Is differentiation in the complex plane the same as that in the reals? In particular do the normal differentiation rules apply in the complex case such that I can just treat a complex map as a real map?
Thanks.
Is differentiation in the complex plane the same as that in the reals? In particular do the normal differentiation rules apply in the complex case such that I can just treat a complex map as a real map?
Thanks.
I'm a little confused about your question, but I can think of two possible interpretations and I will try to handle them both.
The first interpretation: if $f(z)$ is a complex differentiable function and we have a formula for f'(x) where $x$ is a real variable, can we recover the complex derivative of $f$ by "plugging in $z$ into that formula? The answer is a qualified "yes". The best precise statement along these lines is that if $f$ is complex differentiable at $z_0$ then it admits a Taylor series approximation $f(z) = \sum_{n=0}^\infty a_n z^n$ in a neighborhood of $z_0$ which converges uniformly on compact sets. Uniform convergence allows us to differentiate term by term, and thus a formula for the derivative is given by f'(z) = \sum_{n=1}^\infty n a_n z^{n-1}. So if your formula for calculating the real derivative of $f$ can be expressed in terms of Taylor series then it will be fine to simply "plug in" $z$.

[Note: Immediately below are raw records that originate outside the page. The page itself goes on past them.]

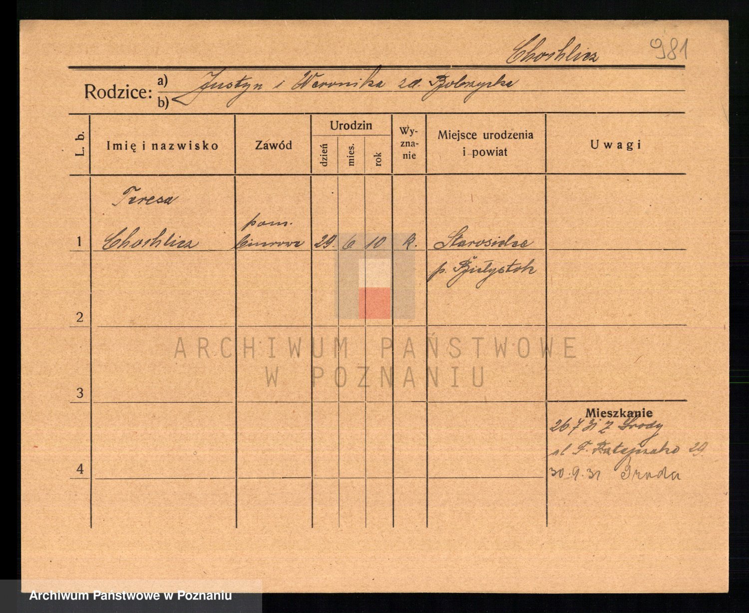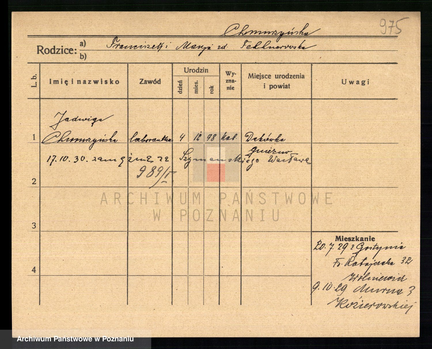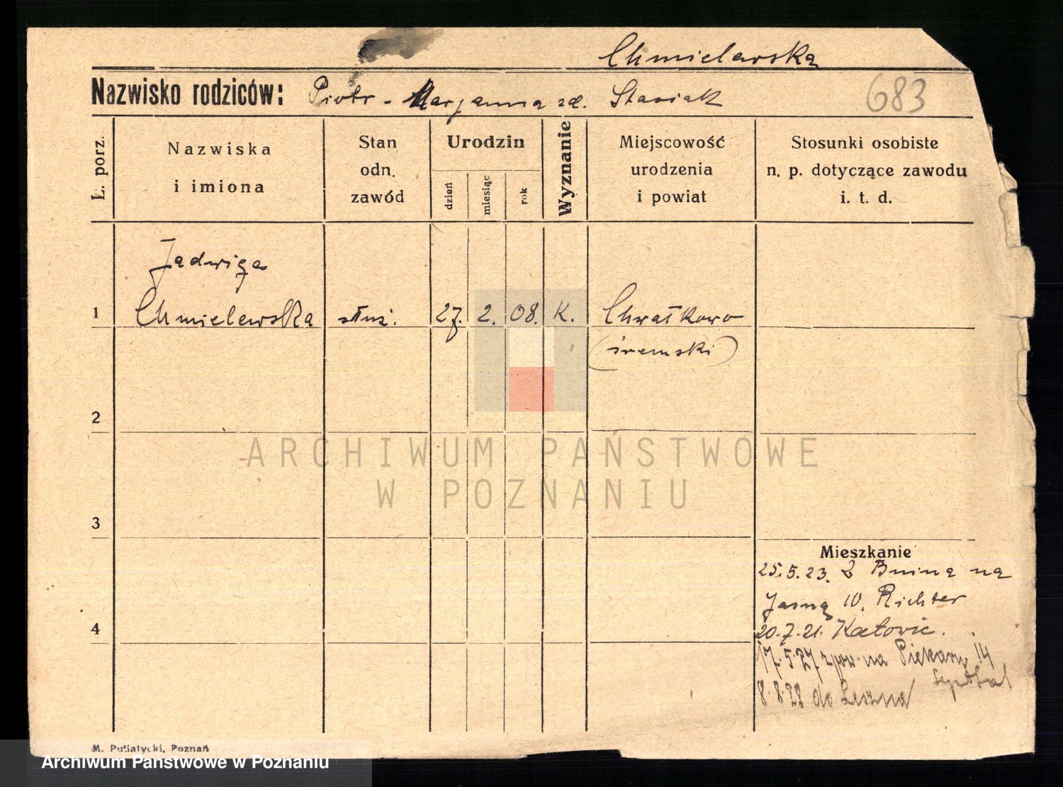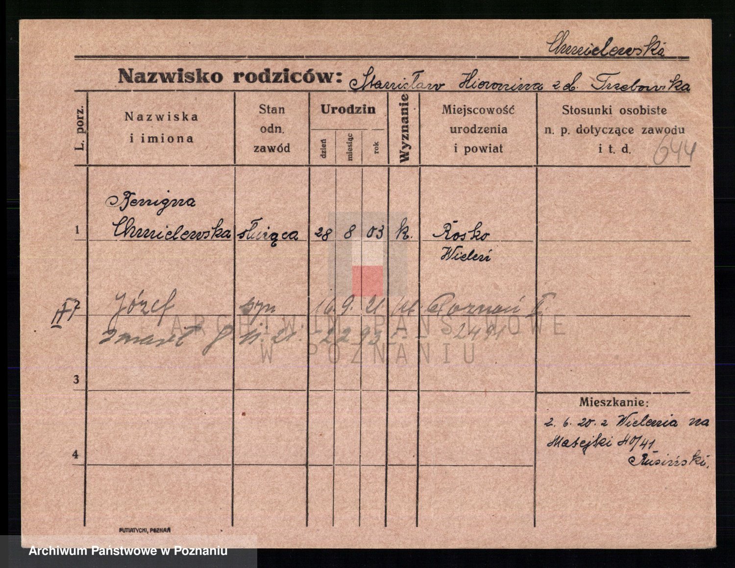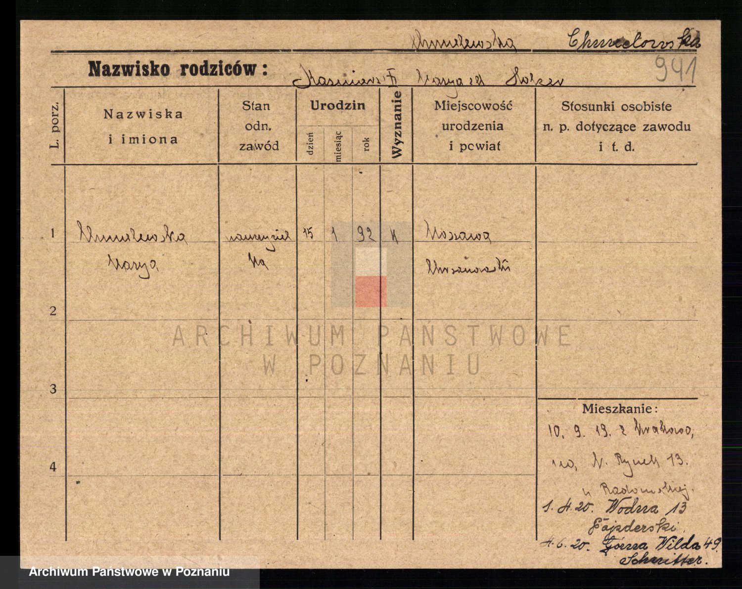 Chocieszynska z.d. Kazdzarska, Pauline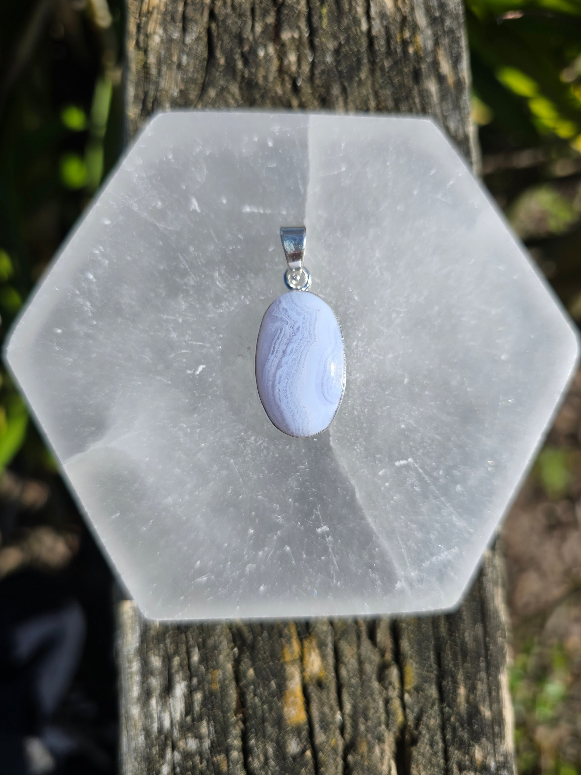 Blue Lace Agate | Polished Sterling Silver Pendant C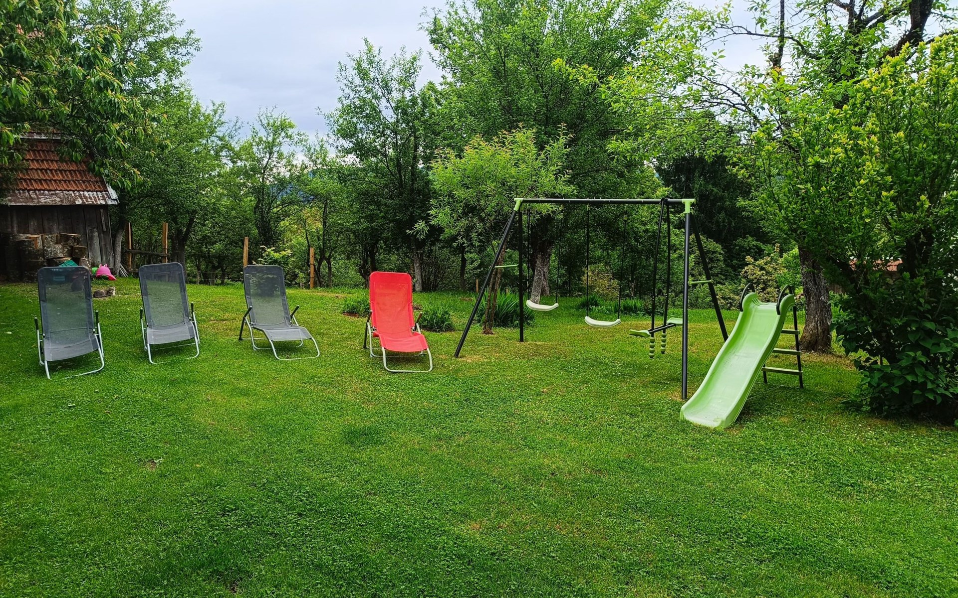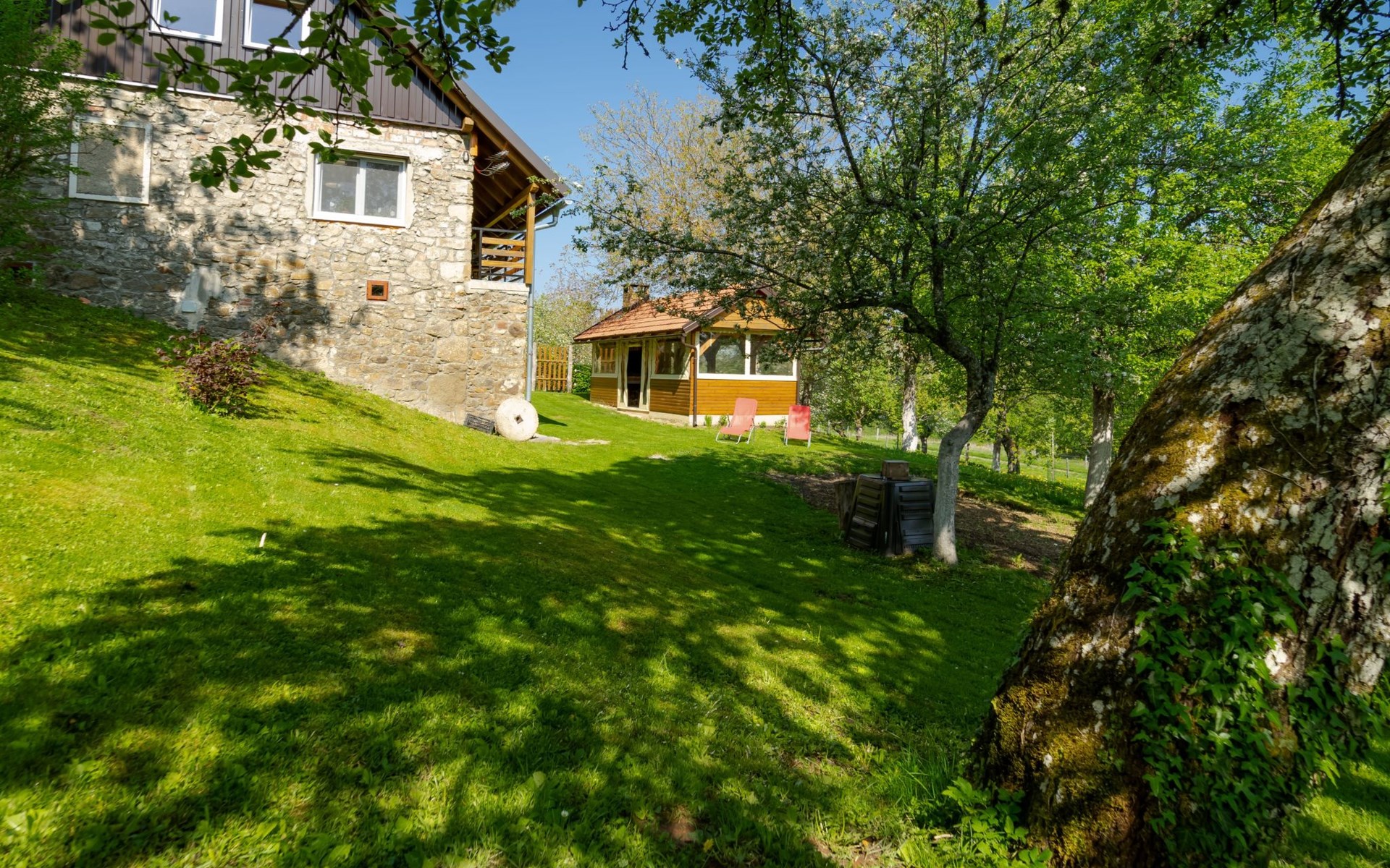 - ein großer Garten mit einem Obstgarten, alles natürlich ohne Spritzmittel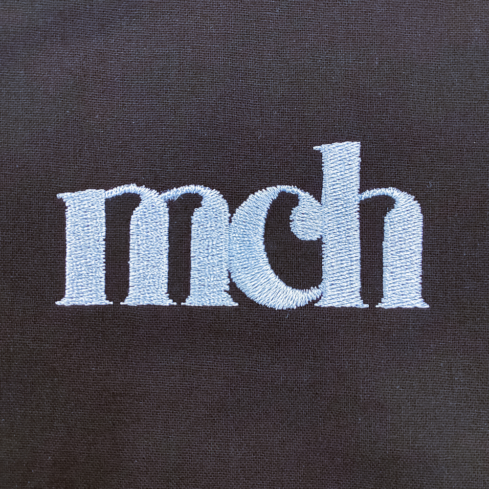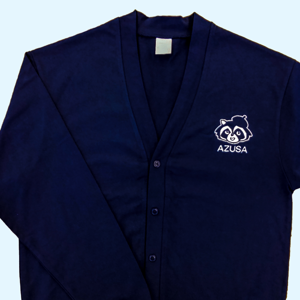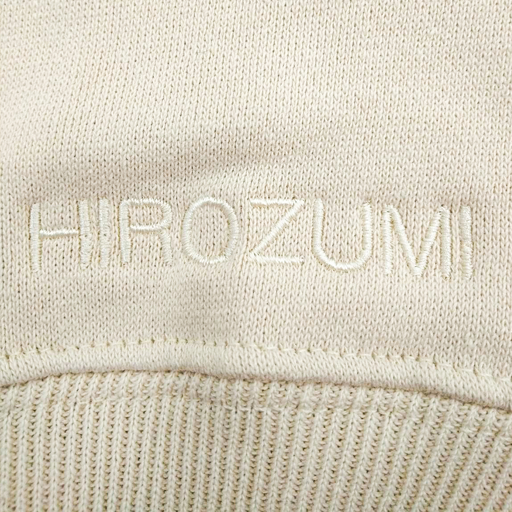 4488 10.0オンス コットン ジャージー ルーズフィット カーディガンへオリジナル刺繍を横7.5cm×高さ約5.9cm程度で、ネーム刺繍をA-5.丸ゴシックにて1文字1.2cmで行いました。いずれも糸色はホワイト(23-98)です。
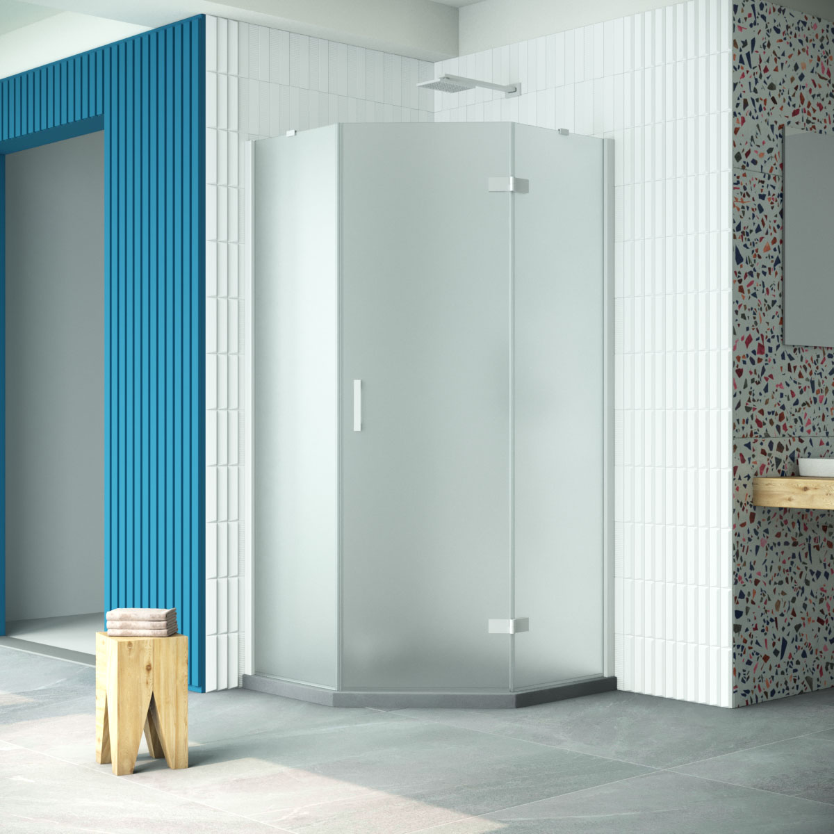 Душевой уголок Vegas Glass AFA-Pen Retta 90 01 10 R профиль белый стекло сатин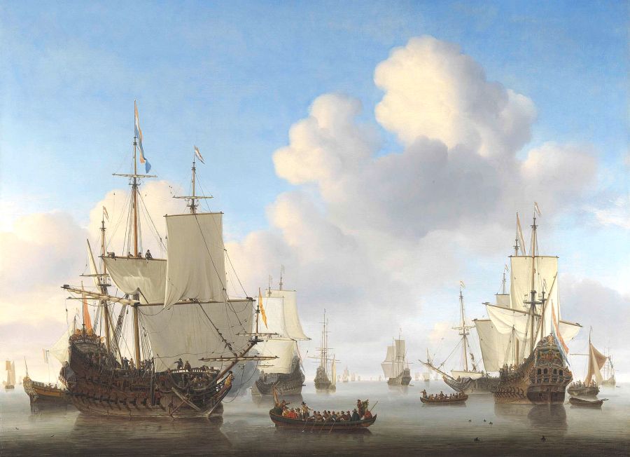 Hollandse schepen op een kalme zee. Willem van de Velde, ca. 1665. Rijksmuseum.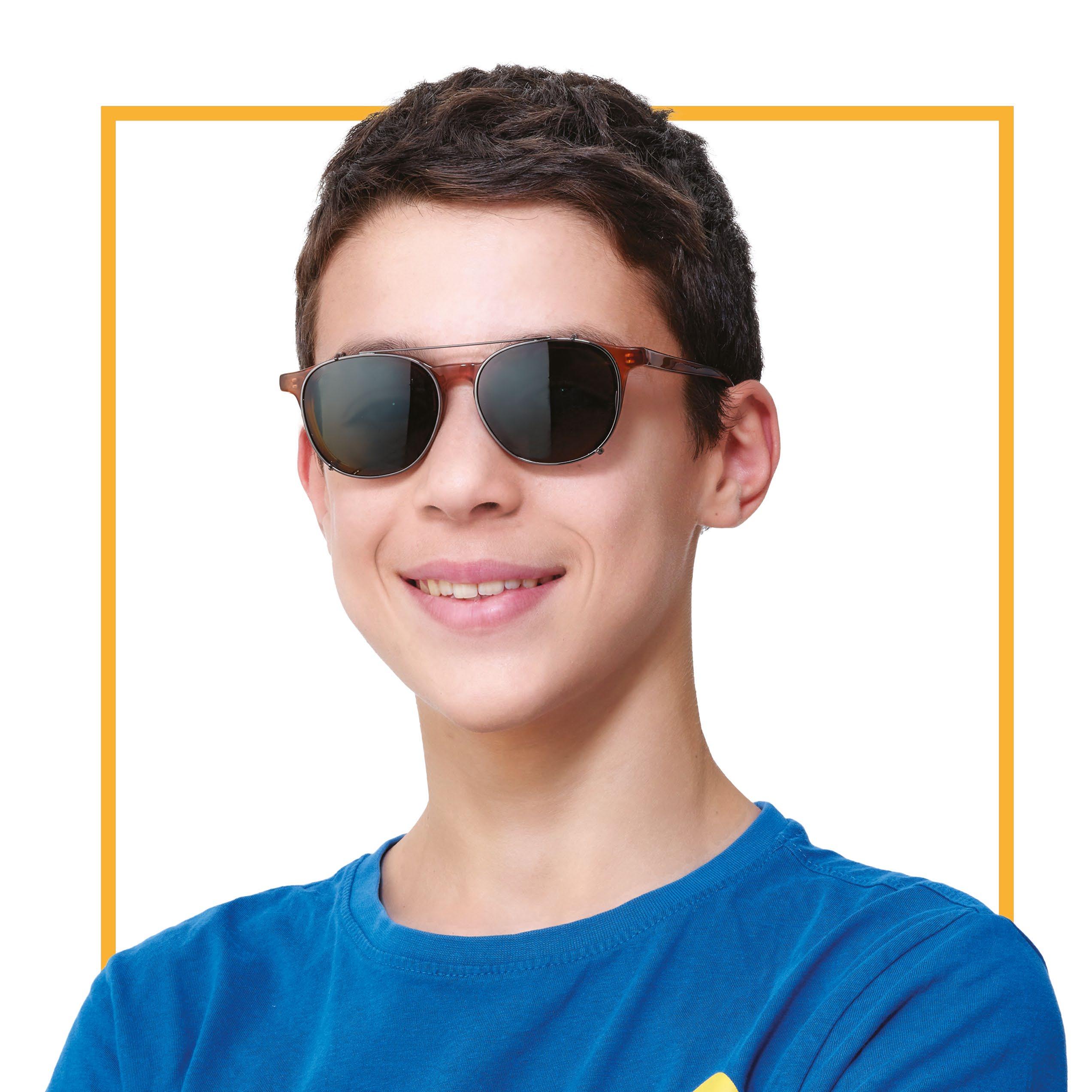 Clip-ons with minimal mechanism, trimmable lenses and anti-scratch clips. Easy to put on and take off by pressing the central spring. Polarized filters for maximum protection against UVA and UVB rays.

Note that you have to assume at the outset that $f$ is complex differentiable: even though you can calculate the derivative of $e^{-1/x}$ near $x=0$ using Taylor series, it doesn't extend to a complex differentiable function. Also note that in practice one calculates real derivatives using things like the product rule and chain rule, and the same tools work in the complex case. So often you can calculate the derivative of a complex differentiable function without resorting to Taylor series using the same technique that you use in the real case.
Second interpretation: If $f: \mathbb{C} \to \mathbb{C}$ is complex differentiable, is it true that its derivative agrees with the real derivative of $f$ regarded as a function $\mathbb{R}^2 \to \mathbb{R}^2$? Here the answer is a more straightforward "yes", and it follows from the intrinsic definition of the derivative as the best linear approximation of $f$ near a point (which applies to both complex and real differentiable functions). Again, we must assume at the outset that $f$ is complex differentiable for this to be correct: by the Cauchy-Riemann equations a real differentiable function at $(x_0,y_0)$ corresponds to a complex differentiable function if and only if the derivative is conformal, i.e.
$df(x_0,y_0) = \left(\begin{array}{cc} a & b \\ -b & a \end{array}\right)$
The answer is yes if by "normal differentiation rules" you mean the sum, product, quotient and chain rule. However, there are very important differences. Some examples:
Here is a "rule" that fails: if $f$ is differentiable, then $\overline f$ is differentiable, and \overline{f'}=(\overline f) '.
This rule is true if the variable is real (for complex valued functions). It is also true if the complex plane is treated as $\mathbb{R}^2$ and differentiation as real differentiation on $\mathbb{R}^2$. So you might say that failure of this rule is what distinguishes complex analysis from real analysis.